Assoiffé de bonheur

Ma génération met la barre un peu haute. Nous avons cru aux héros des livres et à la bonté du monde ; nous avons hérité de nos pères les rêves socialistes et socialisants, l’amour fou version surréaliste revu et corrigé ; nous avons été élevés dans des familles chrétiennes qui nous gavaient de grands idéaux et qui nous ont forgé une âme sensible et généreuse, gentille et naïve, conviviale et humble.

Avec Emile pour modèle, nous avons applaudi Tintin pourchassant les méchants, pratiqué le jiu-jitsu avec le commandant Bob Morane et son ami Bill Ballantine pour nettoyer le monde des malfrats, élucidé bien de meurtres crapuleux avec le bon Hercule Poirot. La Comtesse de Ségur est aussi passé par là... Il nous a été facile de nous émouvoir des aventures d’Harry Potter ou de celles de Frodon et nous nous prenons aujourd’hui pour les nouveaux Captain America, Spider-Man, Iron Man, Fantastic Four et compagnie.

Nos parents nous ont fait rêver d’un monde beau et juste. Du manger pour tous, de la paix pour tous, de l’eau pour tous, de la santé pour tous, du travail pour tous ; du droit à la vie, à la liberté, à la dignité, à une certaine humanité, à la justice sociale. D’un monde Père Noël qui congratule les efforts et les bonnes attitudes, les BA (Bonnes Actions) du scoutisme. D’une justice aveugle qui punit le coupable pour l’aider à rentrer dans les rangs des Hommes de Bonne Volonté. Mais le monde, celui que nos parents nous ont légué, n’est pas si simple.

Ces mêmes parents, qui nous ont donné cette merveilleuse éducation, qui ont inventé la plus grande coalition pour la paix (l’ONU, oui !) jamais réalisée de tous les temps, ces mêmes parents ont fini par se doter de grandes armées interventionnistes. Ces mêmes parents, qui nous ont gavés de grands idéaux, insufflé des valeurs morales et de nobles sentiments, ces mêmes parents ont financé leur grande civilisation avec l’esclavage. Ils ont construit leur or sur l’exploitation du plus faible en Afrique et en Amérique latine. Ces mêmes parents, qui nous ont enseigné le bon petit Jésus et son Père qui est au Ciel, qui nous ont fait miroiter un Paradis là où il n’y a que des étoiles, des planètes vides et des gaz, transforment les églises en musées, en bibliothèques ou même en boites de nuit.

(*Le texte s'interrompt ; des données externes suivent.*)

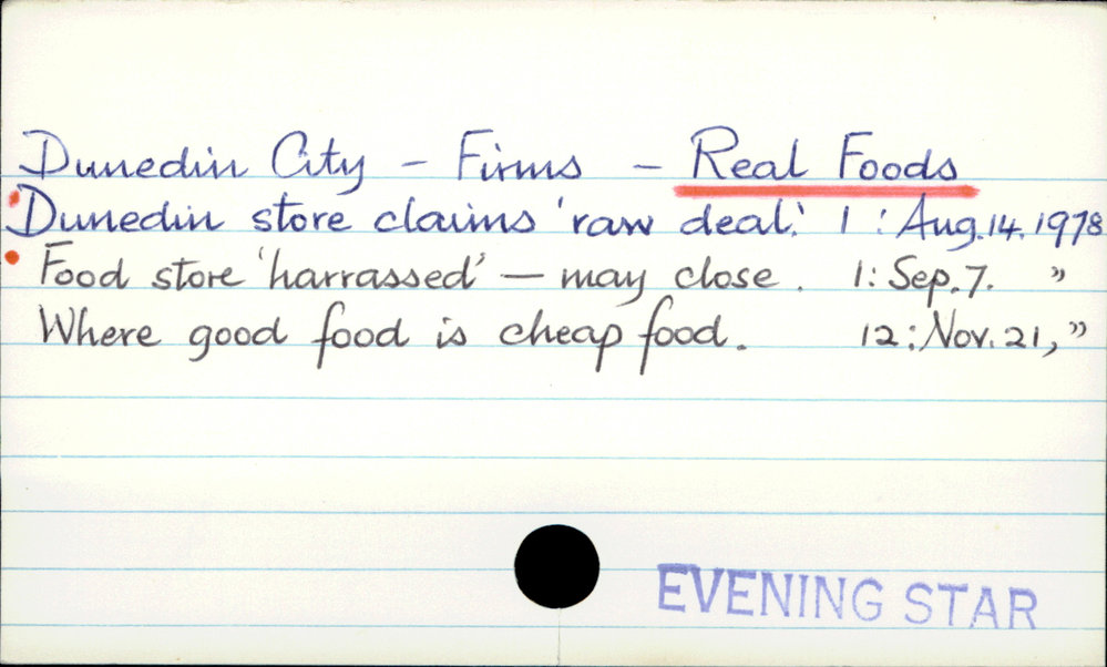 Dunedin Public Libraries (6th Jan 2017). Dunedin City - Firms - Real Foods. In Website Dunedin Public Libraries. Retrieved 2nd Apr 2026 14:11, from https://dunedin.recollect.co.nz/nodes/view/48581
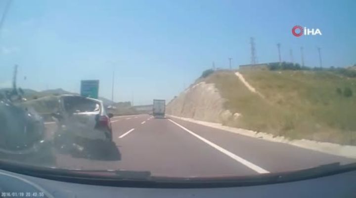 İstanbul-İzmir otoyolu, Orhangazi yakınlarında meydana gelen trafik kazasında yolda makas attığı ileri sürülen bir lüks araç önündeki bir otomobile çarptı. Kazada her iki araçtaki toplam 4 kişi yaralandı. Kaza anı ise yolda seyir halinde olan bir otomobilin araç kamerasına yansıdı.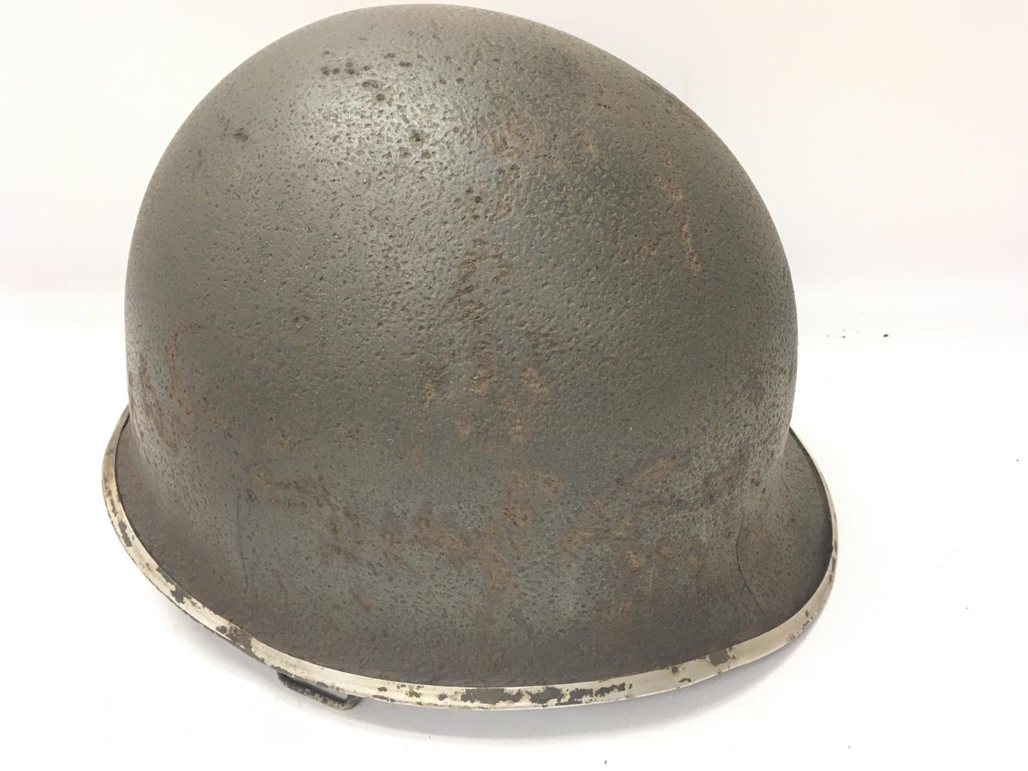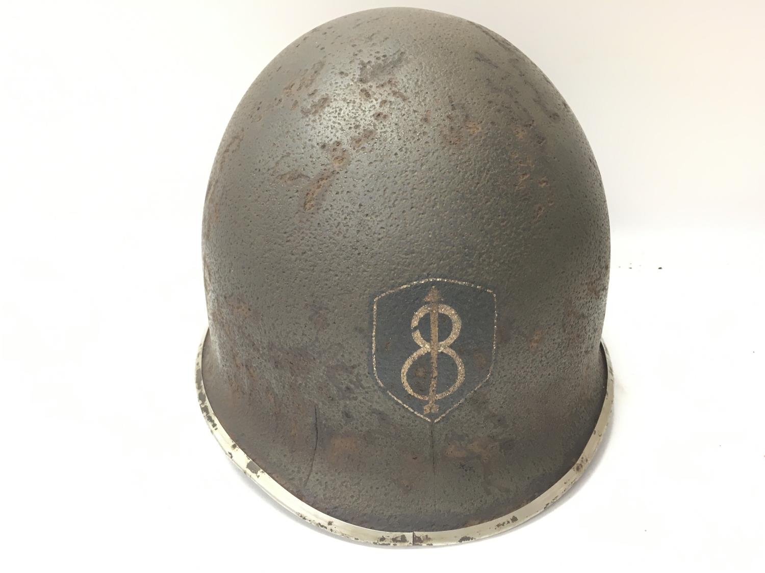WW2 US 8th Infantry Division Swivel Bale M1 Helmet with Westinghouse liner.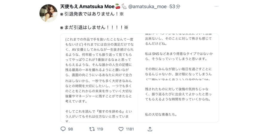 她會被擔心也是很正常的,儘管是FALENO STAR的一姐,不久前也完成了100支作品的里程碑,但是在這一行待滿九週年的她真的是資深到不行,在這個家有一老不見得如有一寶的業界一定會被討論什麼時候要引退;以天使もえ(天使萌)之敏感她肯定知道很多人關心自己的去留,所以她搶先發了這篇: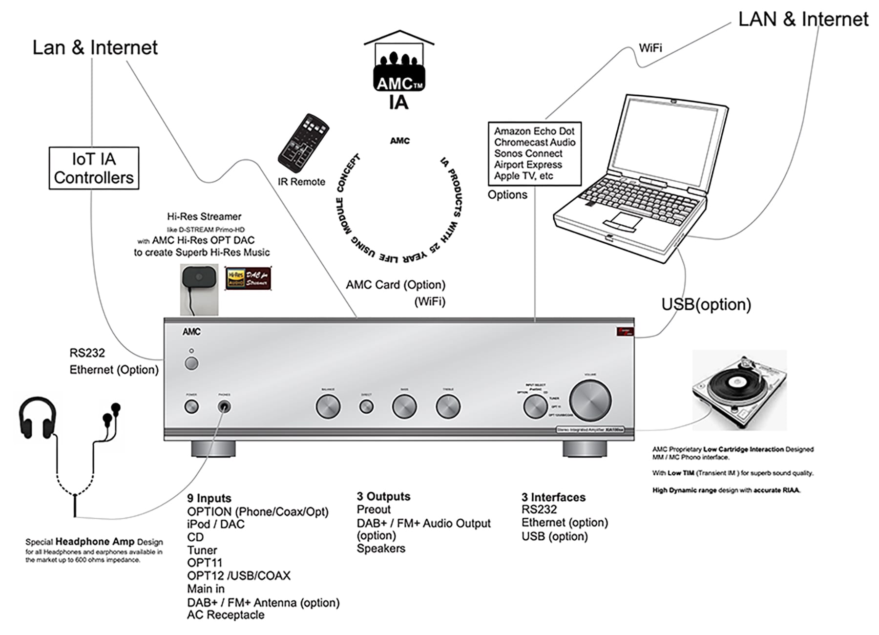 AMC XIA150se er en 150Wattt integrert forsterker med velutstyrte funksjonener. Phono inngang (MM, MC), optisk og koaksial inngang, ethernet og USB inngang etc. Kompatibel med alle strømmetjenester. Uansett om du behandler musikken din digitalt eller foretrekker en analog løsning, garanterer den integrerte XIA150se et engasjerende lydbilde, spekket med musikalitet, dynamikk og tilstedeværelse. Maksimal underholdning til en bemerkelsesverdig pris. I hjemmekinoen kan det kobles rett fra forforsterker til surround prosessor/receiver.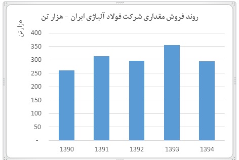 روند فروش محصولات شرکت همانگونه که در شکل زیر مشاهده می شود روندی صعودی داشته است. کاهش مقداری فروش در سال 94 بدلیل کاهش قیمت جهانی و رکود بازار داخلی بوده است که حجم فروش شرکت در سال 94 را تحت تاثیر قرار داده است.

Ils disent une chose pour en faire une autre. Il faut admettre qu’on ne s’en est pas choisi les meilleurs. Ceux-là nous ont effrontément menti. Le Père Noël n’existe pas. Godot, non plus. La Guerre est indispensable pour l’équilibre de l’homo economicus. L’exploitation est le revers de la médaille profit du capitalisme. La religion est aujourd’hui ce que la magie était au Moyen-Age, l’hérésie.

Que nous faut-il donc faire ?

Changer de parents ? C’est une possibilité. Certains philosophes proposent de tuer notre père, alors l'image du père, pour nous émanciper. Revoir notre éducation, la compléter, la modifier ? C’est très lourd comme projet. Le monde risque de virer de bord avant de le mener à terme.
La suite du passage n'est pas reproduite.